The Board of Directors kindly invites the shareholders, the holders of bonds, warrants and stock options to attend the Annual General Meeting in the Customer Center at 8520 Kuurne, Noordlaan 5 on Thursday April 24, 2014 at 4:00 p.m.

The general meeting is convened with the following agenda and proposals for resolution:

AGENDA

1. Presentation and discussion of the annual report of the Board of Directors, including the corporate governance statement, and the report of the Statutory Auditor on (i) the annual accounts of Barco NV and (ii) the consolidated annual accounts for the fiscal year ending December 31, 2013.

2. Approval of the annual accounts of Barco NV for the fiscal year ending December 31, 2013 – Distribution of the results – Dividend.
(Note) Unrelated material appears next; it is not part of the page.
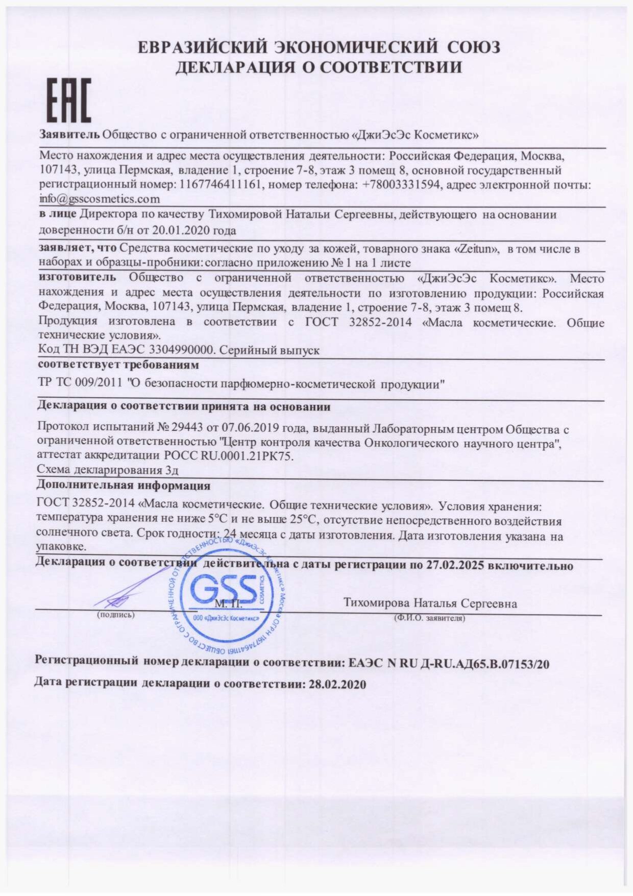 | Полное наименование | миндальное масло Zeitun Almond Natural Oil |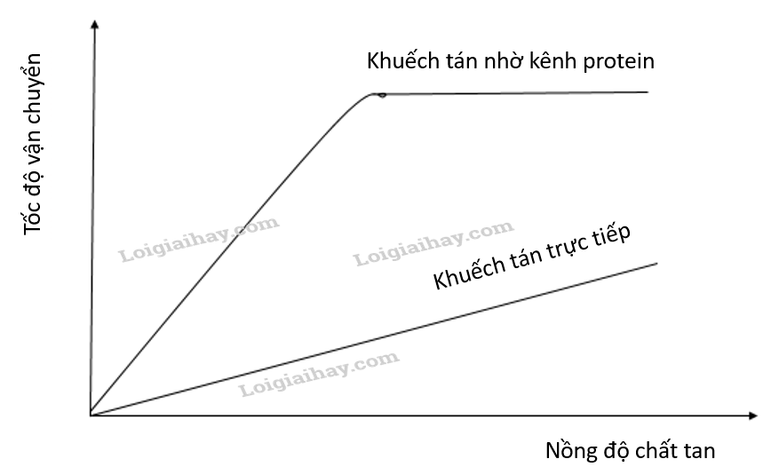 Tốc độ vận chuyển của con đường kênh protein tăng nhanh hơn so với khuếch tán trực tiếp ở giai đoạn đầu, nhưng sẽ bị giới hạn và đạt đến mức ổn định, còn khuếch tán trực tiếp tăng chậm hơn nhưng không bị giới hạn. Tốc độ vận chuyển các chất qua kênh protein tăng đến một giá trị nhất định rồi sau đó giữ ở mức ổn định do số lượng kênh protein trên màng là có giới hạn.

Proposal for resolution (1st vote):

The general meeting approves the annual accounts of Barco NV for the fiscal year ending December 31, 2013, including the distribution of the results and the determination of the gross dividend at 1 euro and 50 eurocents (1,5€) per fully paid up share.

3. Presentation of the consolidated annual accounts for the fiscal year ending December 31, 2013.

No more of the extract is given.